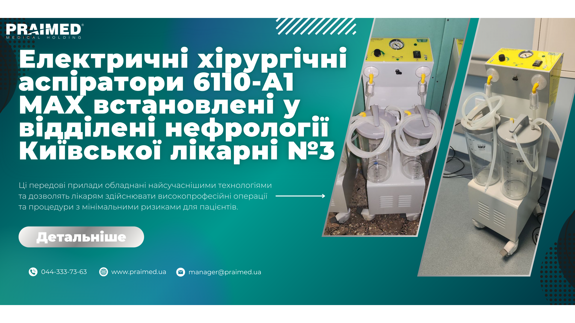 A unique step in the development of medical technologies at Kyiv Hospital No. 3: the Primed Group of Companies has put into operation modern and advanced 6110-A1 MAX Electric Surgical Aspirators!These advanced devices are equipped with the most advanced technologies and will allow doctors to perform highly professional operations and procedures with minimal risks to patients. Thanks to their incre..
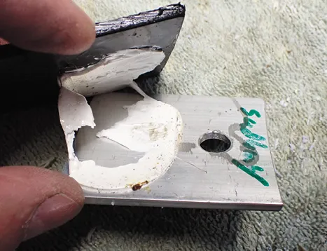 We used 150 grit sandpaper to remove the oxide film and immediately primed the metal with 3M Tape Primer 94. The other bonding surface was gelcoat. Without primer, the tape easily peeled away from the aluminum. With primer, the bond held, but the tape’s foam core sheared.
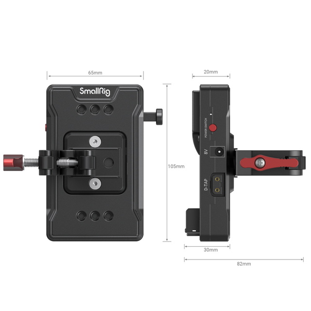 Adaptérová deska SmallRig V Mount Battery Plate (základní verze) se svorkou (ve tvaru kraba) 3497 je navržena tak, aby poskytovala větší výdrž baterie pro vaši kamerovou sestavu prostřednictvím baterie V Mount. Jeho standardní rychloupínací držák V podporuje většinu baterií V mount. Výstupní porty včetně portu 8 V DC, portu 12 V DC a dvou portů 14,8 V D-Tap pracují s baterií pro napájení fotoaparátu a dalších zařízení (např. monitoru, vysílače, follow focusu, mobilního telefonu atd.).) Je vybaven přepínačem napájení, který rychle a pohodlně ovládá všechny výstupní porty, a dodává se s držákem super clamp, který se hodí pro tyče o průměru 15 až 30 mm a pomáhá připevnit baterii V-mount na stativ, světelný stojan nebo ruční kroužek pro gimbaly. Kromě toho můžete díky několika otvorům se závitem 1/4"-20 připojit další příslušenství, například dvojitou svorku na tyč a magic arrm rameno.
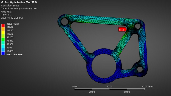 After fine-tuning the bellcrank, reducing stress concentrations resulting from the force cases, I finalized the bellcranks with an overall reduction of weight by 56.7% while increasing the safety factor from 1.5 to 2.8, also reducing cost. For my full write-up and for more information on how suspension parameters were determined, see the document linked below.
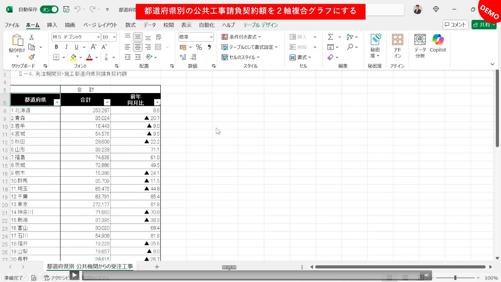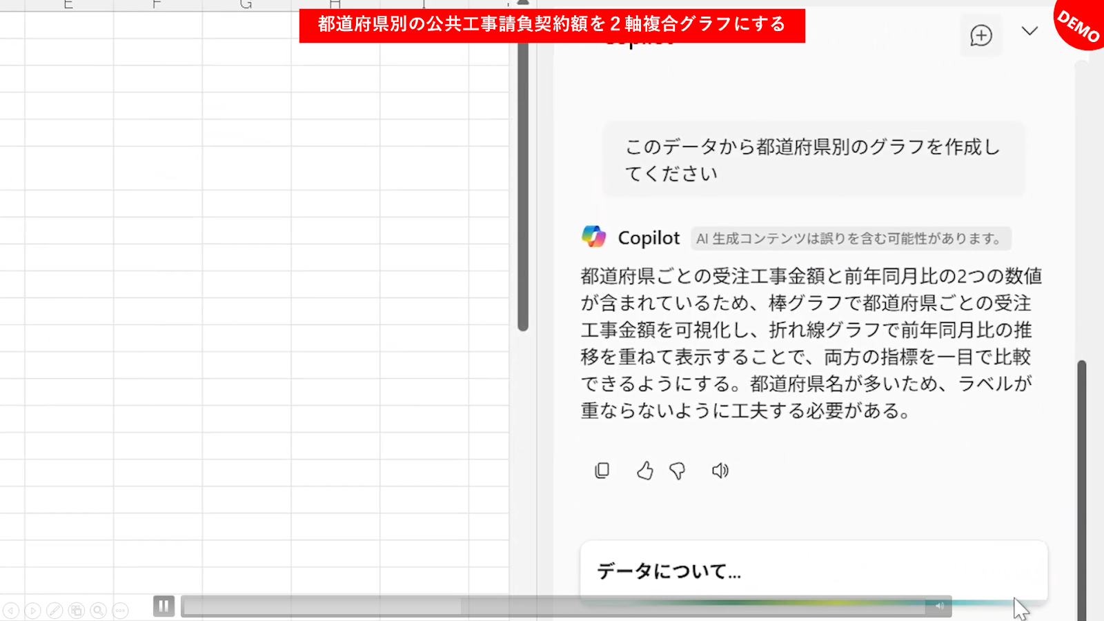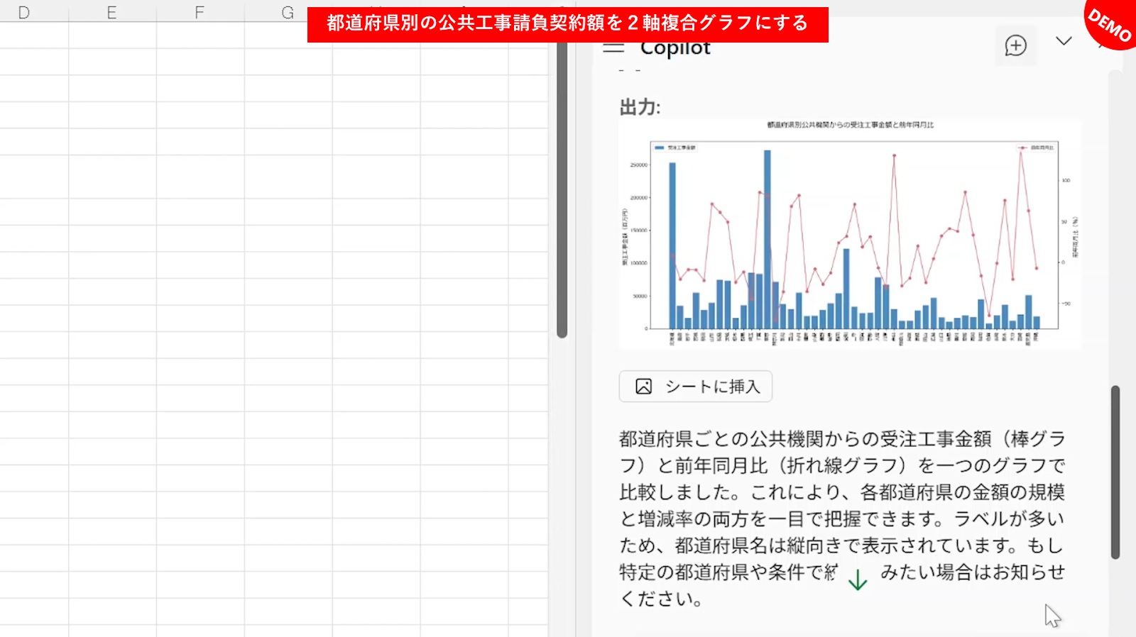 ですから、このデータから都道府県別のグラフを作成してくださいと言うだけで、AIは「合計もあって、前年同月比もあるのね、都道府県は左にあるのね、わかった」という風に、棒グラフと折れ線グラフの2軸を作ってくれます。
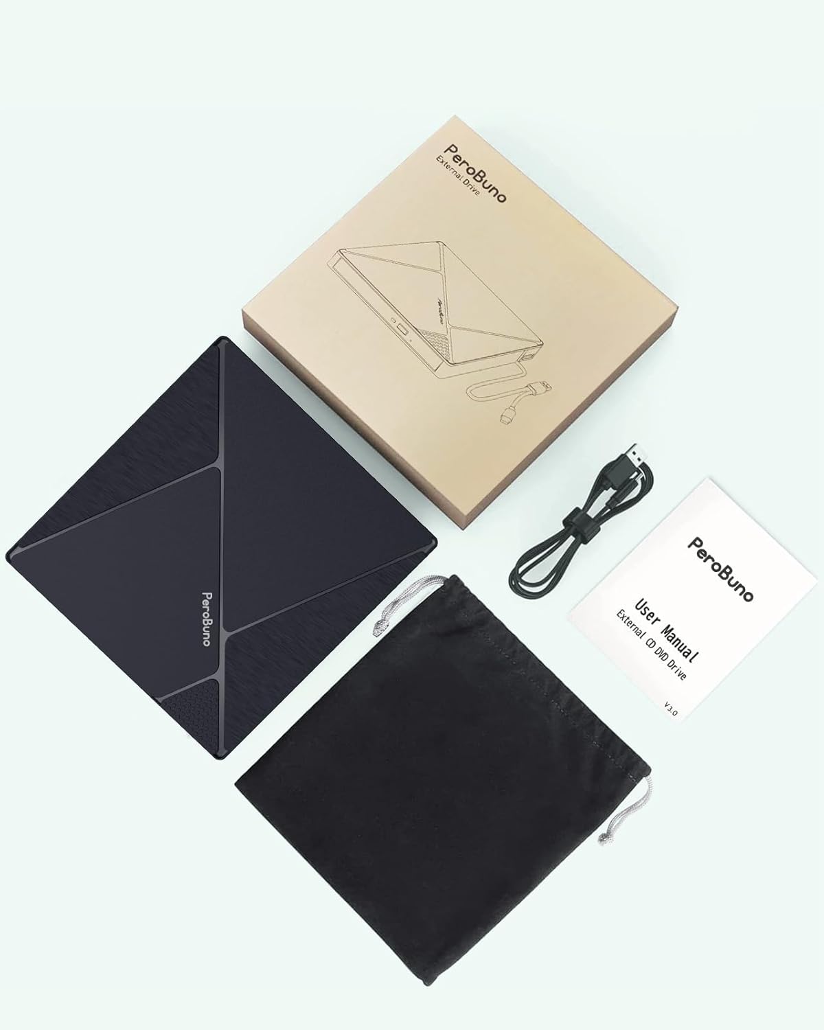- 【What You Get】PeroBuno External CD/DVD Drive *1, USB A to DC Power Supply Cable*1, Drive Storage Bag*1, User Manual*1, PeroBuno up to 24-month after-sales service, and 7-day/24-h friendly customer service. If you have any problems, we will 100% solve them.
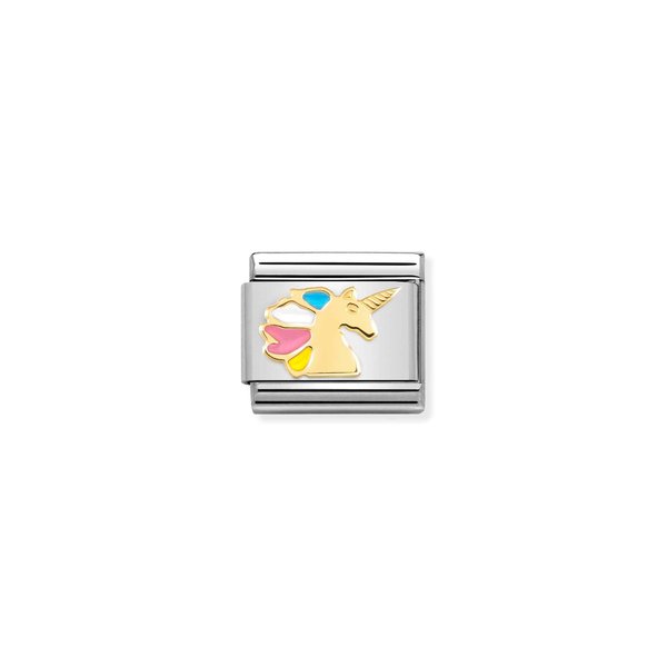 A Nomination Arany unikornis színes charm a Nomination "Composable" - magyarul tetszőlegesen összeállítható - moduláris karkötő rendszer eleme, amely a rendszer karkötőibe integrálható. A charm nemesacélból és 18K aranyból készült, a charm alapteste 1 cm széles, amit az arany unikornis motívum díszít. A charm karkötőbe történő bekötését megnézheted alábbi videónkon.

_THE PROBLEM_
Hand back the exact lines from the start of the entries to the line with "After fine-tuning the", both ends kept and pictures left out.

_COMPLETED TASK_
 A unique step in the development of medical technologies at Kyiv Hospital No. 3: the Primed Group of Companies has put into operation modern and advanced 6110-A1 MAX Electric Surgical Aspirators!These advanced devices are equipped with the most advanced technologies and will allow doctors to perform highly professional operations and procedures with minimal risks to patients. Thanks to their incre..
 We used 150 grit sandpaper to remove the oxide film and immediately primed the metal with 3M Tape Primer 94. The other bonding surface was gelcoat. Without primer, the tape easily peeled away from the aluminum. With primer, the bond held, but the tape’s foam core sheared.
 Adaptérová deska SmallRig V Mount Battery Plate (základní verze) se svorkou (ve tvaru kraba) 3497 je navržena tak, aby poskytovala větší výdrž baterie pro vaši kamerovou sestavu prostřednictvím baterie V Mount. Jeho standardní rychloupínací držák V podporuje většinu baterií V mount. Výstupní porty včetně portu 8 V DC, portu 12 V DC a dvou portů 14,8 V D-Tap pracují s baterií pro napájení fotoaparátu a dalších zařízení (např. monitoru, vysílače, follow focusu, mobilního telefonu atd.).) Je vybaven přepínačem napájení, který rychle a pohodlně ovládá všechny výstupní porty, a dodává se s držákem super clamp, který se hodí pro tyče o průměru 15 až 30 mm a pomáhá připevnit baterii V-mount na stativ, světelný stojan nebo ruční kroužek pro gimbaly. Kromě toho můžete díky několika otvorům se závitem 1/4"-20 připojit další příslušenství, například dvojitou svorku na tyč a magic arrm rameno.
 After fine-tuning the bellcrank, reducing stress concentrations resulting from the force cases, I finalized the bellcranks with an overall reduction of weight by 56.7% while increasing the safety factor from 1.5 to 2.8, also reducing cost. For my full write-up and for more information on how suspension parameters were determined, see the document linked below.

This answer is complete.